One of the most important aspects of my engine’s design is modularization. Engines are usually big in terms of classes, dependencies and systems; that’s why a modular approach made sense for me.

From my previous experience working on Moai SDK, a monolythic git repository that includes all the different systems (being modular or not), and third party libs becomes really huge, really soon.

That’s why I wanted to solve that problem for this engine.

There are two different problems to solve:

  1. How can I sort the code in a suitable way to work with modules?
  2. How to build the modules consistently and be able to include the necessary ones in the final build of a program that uses the engine?

This article will guide you through how I’ve solved this problem and give back to you some of the knowledge I got working on Moai SDK and other personal projects.
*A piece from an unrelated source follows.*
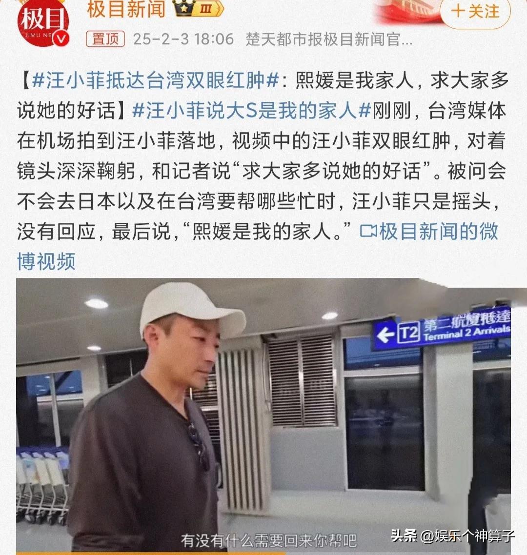 目前,汪小菲已經抵達臺灣,面容憔悴,雙眼紅腫,接受採訪時,深深鞠躬,希望媒體多說大S的喊話,坦言徐熙媛是我的家人。

Git for Extreme modularization

While working on Moai SDK, I never felt really happy about the monolithic git repository.

It was a huge git repo that took hours to download completely, for me that’s EXTREMELY anti-agile (Rule #5).
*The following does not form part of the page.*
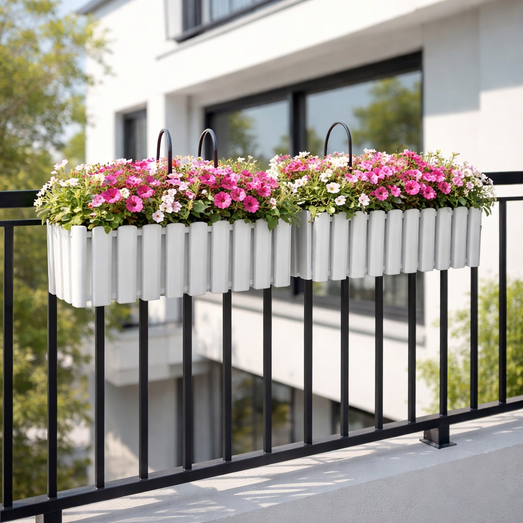 Fixare Solida pe Balustrada: Suportii metalici inclusi sunt discreti dar extrem de rezistenti, fiind proiectati sa sustina jardiniera in siguranta, indiferent de etajul la care este montata.
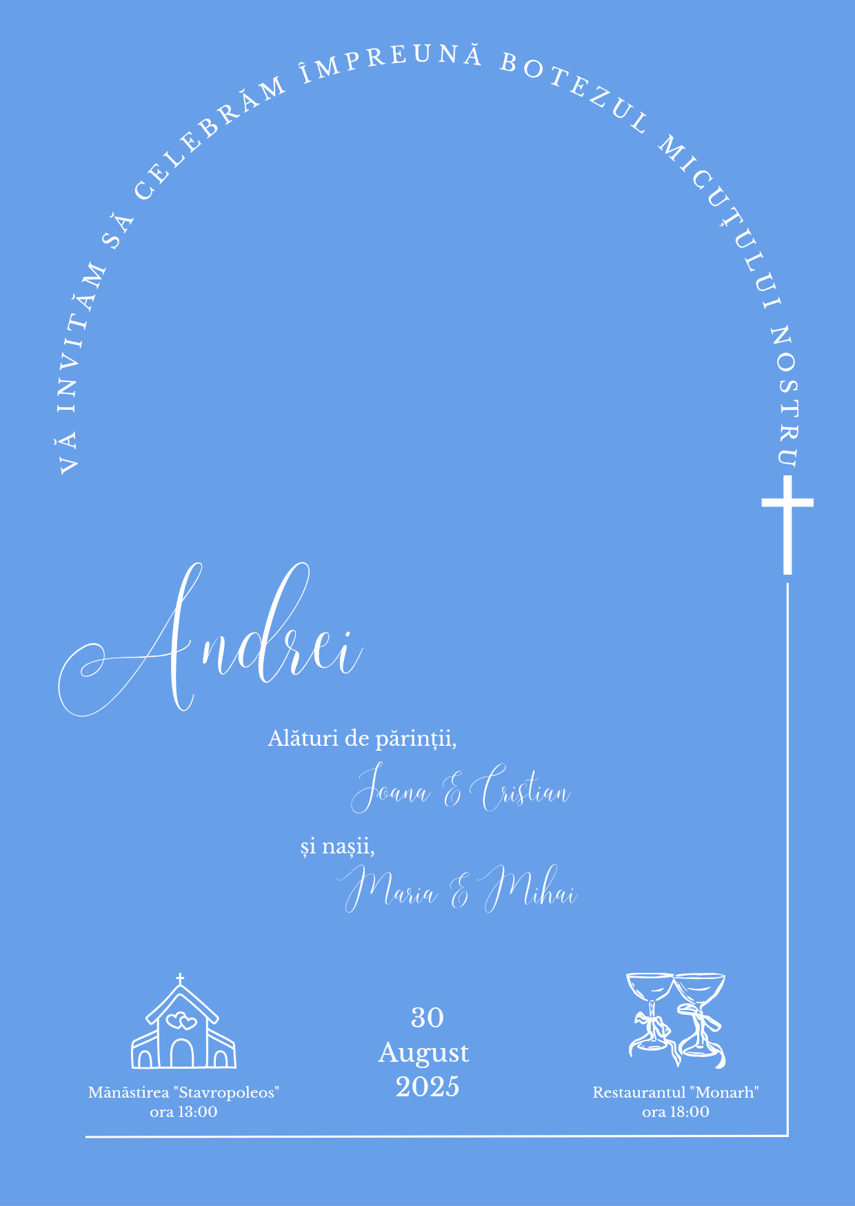 Această invitație este o declarație de stil. Nu este doar o invitație, ci o piesă de design ce celebrează botezul micuțului vostru într-o manieră sobră și modernă.

The solution that came to my mind was something I proposed to Zipline, but didn’t make it because of the $$$ factor that I don’t care about for my project: Having one git repository per module and one ring repository to rule them all (aka. central git repository using submodules).
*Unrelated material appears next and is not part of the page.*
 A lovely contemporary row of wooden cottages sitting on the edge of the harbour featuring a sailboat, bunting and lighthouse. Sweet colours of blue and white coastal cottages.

The pros for having a single repository per module include:

  • Single history of git commits for each module. (This is pretty interesting, since you avoid having a lot of noise when searching the git log for something specific).
  • Easier to find files, since modules include between one and 10 source files in general.
  • Bundled third party libraries (if a library is ONLY used by this module, it can be bundled inside the repository, and added to it’s build script).

The cons are:

  • If you have a third party lib that it’s used by more than one module, you need to be careful with versions, having a common-third party module might be the way to solve this.
  • More complex directory structure, since instead of having all the code in a single place you have it split among many folders. (This shouldn’t be huge though, since modern IDE’s or text editors allow you to search inside a directory tree pretty easily).

Please, comment below if you want to discuss about the pros and cons of this!

Directory structure

In order to be able to have a unified way to build and sort the code among different modules, I’ve thought about the following direcory structure:

  • simplex-[module-name]/src (Actual source code for the module)
  • simplex-[module-name]/include (include files for the module’s classes)
  • simplex-[module-name]/tests (unit tests for the module’s classes)
  • simplex-[module-name]/samples (samples that show the module’s functionality)
  • simplex-[module-name]/docs (documentation on how to use the module or other stuff)
  • simplex-[module-name]/third-party (third party libraries that are used by this module alone, if I want to include them instead of using them from the  system)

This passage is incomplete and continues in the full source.